Bien que le mythe du Prince charmant soit de plus en plus remis en question dans les sociétés engagées, il demeure accroché aux mœurs de la conscience féminine, si ce n’est qu’à travers les mouvements pièges de l’espoir. L’espoir est une attitude dont la femme doit se nourrir en petite quantité, car il s’agit pour elle de savoir que la vie est un champ de mines, il ne faut pas que l’espoir s’étende au-delà du raisonnable, car c’est elle qui en sera la victime. L’homme n’est pas le grand Être, le grand « Seigneur des anneaux ». Il a plutôt les anneaux dans le nez… Dans une société moderne, aliénée, disloquée de plus en plus, des grandes valeurs universelles de la conscience humaine, la femme a avantage à reconnaître que les projections de l’homme envers elle, sont souvent à la mesure de sa faiblesse et non de sa force. Elle doit prendre conscience que les persuasions sociales ont tendance à faire d’elle un objet, dont la perception ne peut être corrigée que par une conscience personnelle, renforcée par une intelligence individuée. Cette dernière peut la rescaper d’une manière de vivre et d’être, cherchant à l’engloutir, plutôt qu’à souligner sa grandeur d’être.
Croire en un Prince charmant, est la réflexion qu’une identité personnelle diminuerait, puisque le Prince représente symboliquement le pouvoir et la domination. Tant que la femme est susceptible de succomber à des idées aussi simplistes qu’irréelles, elle investit dans un avenir dont elle ne pourra s’assurer du destin. Les jeunes filles qui grandissent doivent être « mises au parfum » et enseignées au plus bas âge, que le Prince charmant est un mythe et que la dure réalité les invite à se protéger, plutôt que de se projeter comme des sardines dans le filet de l’amour. Les temps modernes apporteront de nouveaux défis à la femme et remplaceront les abus du passé par de nouvelles formes d’agressions contre sa personne. Par centre, elle disposera dans l’ère nouvelle, d’une psychologie sociale et personnelle plus dégagée.
Elle apprendra plus facilement, et verra sans difficulté, que l’homme est davantage un être abusif à son égard. Par contre, elle affichera plus que par le passé une volonté de puissance et verra plus facilement à travers le mythe.
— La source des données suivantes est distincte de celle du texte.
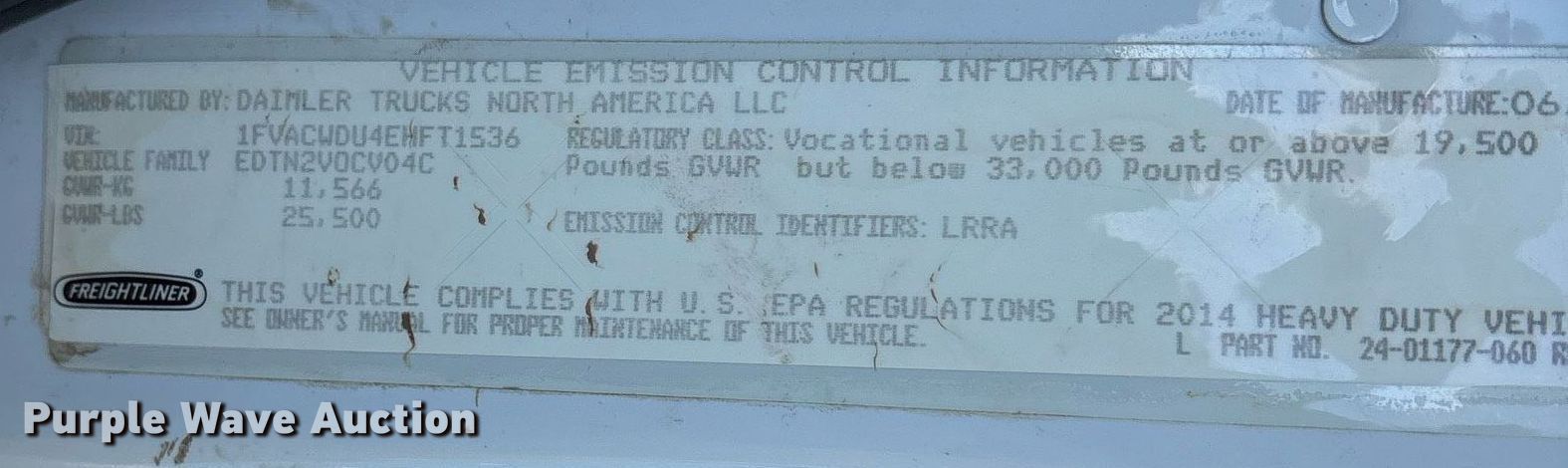 Purple Wave is selling a used Flat Bed Truck in Oklahoma. This item is a 2014 Freightliner Business Class M2 106 flatbed truck with the following: Miles: 200,210 on odometer, VIN: 1FVACWDU4EHFT1536, Unit #: 2619

Autant la rêverie du Prince charmant, avait par le passé réconforté sa solitude par l’espoir, autant dans l’ère moderne, libérée, elle saura se méfier et se protéger. Dans la mesure où la femme moderne ne bénéficiera pas d’une attitude détendue face à l’homme, elle se retrouvera dans un carrefour d’expériences difficiles, car son intelligence ne suivra pas les dictées de l’expérience. Mal formée et mal informée sur le plan psychologique, sa dépendance face à l’homme la désavantagera, compte tenu de l’absence d’éthique sociale, convenant à une société définie par des règles historiques. Dans une société libérée, l’homme et la femme se libéreront et les deux voudront une relation rééquilibrée, selon de nouvelles règles. La femme jouira d’une plus grande liberté sexuelle, mais cette dernière ne sera pas une défense contre ses sentiments profondément humains, que l’amour lui fait – en général – ressentir.